= Andosini =

Ancient people of the Pyrenees

The Andosini (Greek: Andosinoi, Ἀνδοσίνους) were an ancient people of the southern Pyrenees. They are known almost entirely from a single sentence of Polybius, who reports that Hannibal subdued them in 218 BC during his crossing from the Ebro to the mountains at the start of the Second Punic War.

== Name ==
There are named as Andosinoi (Ἀνδοσίνους) by Polybius, who lists them among the peoples subdued by Hannibal on the march to the Pyrenees. Livy, whose version of the same campaign is the other main account of the events, leaves them out and names the Ausetani and Lacetani in their place.

The name is most likely not Celtic. Its first element, Andos- (also Andoss-), is well attested in the Aquitanian personal names of the Comminges, among them Andossus, Andossic and Andosinus. Joaquín Gorrochategui compares the ethnonym Andosini with the Aquitanian personal name Andosinus, a derivative of Andoss-.

== Geography ==
The Andosini lived on the southern side of the Pyrenees. Christian Rico places them in the small valleys of the Valira, which drains into the Segre, in the area of present-day Andorra. Falileyev locates them more generally in the central Pyrenees, on the Spanish side. Their nearest neighbours were the Airenosi of the upper Segre to the south and the Cerretani of the Cerdanya to the east.

== History ==
In 218 BC, at the start of the Second Punic War, Hannibal led his army from New Carthage towards Italy. After crossing the Ebro he reduced the peoples between the river and the Pyrenees, listed by Polybius as the Ilergetes, the Bargusii, the Airenosi and the Andosini. The fighting was heavy: by Polybius's figures an army that set out with 90,000 foot and 12,000 horse had been reduced to 50,000 foot and 9,000 horse by the time it reached the passes.

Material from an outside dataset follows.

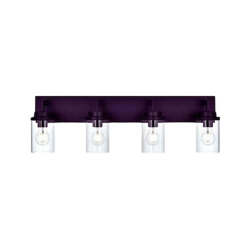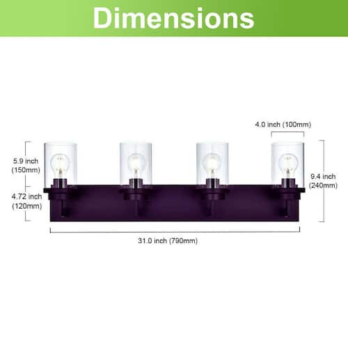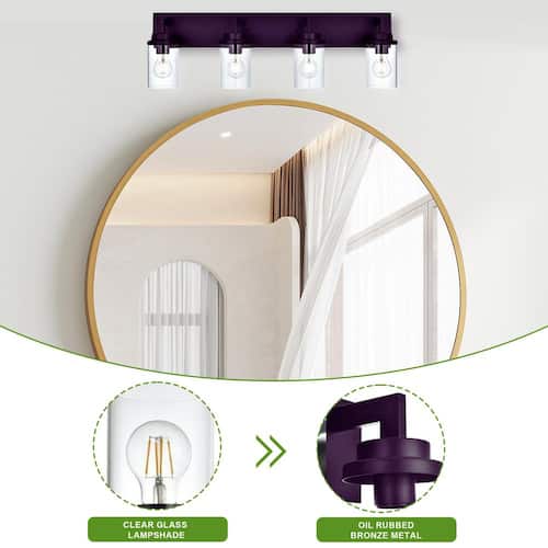 About This Product:This 4 Light Bathroom Vanity Light features a minimalist design and modern style to add a touch of luxury to your space. Our quality fixtures are corrosion, moisture and oxidation resistant. Featuring a sturdy and durable metal rectangular backplate (oil rubbed bronze finish) and a clear cylindrical glass shade for a classic and elegant look. Please note: Bulbs are not included with this product.

The two main sources do not agree on this stretch of the march. Where Polybius has the Airenosi and Andosini, Livy names the Ausetani and Lacetani and says nothing of the two mountain peoples. The discrepancy is explained in different ways. Pere Bosch-Gimpera held that Livy had confused the Ausetani with the Andosini, while Francisco Beltrán Lloris argued that Livy had conflated two distinct episodes of the campaign. Rico instead proposes that Hannibal split his army, one column moving up the upper Segre past the Andosini while another took a more easterly route.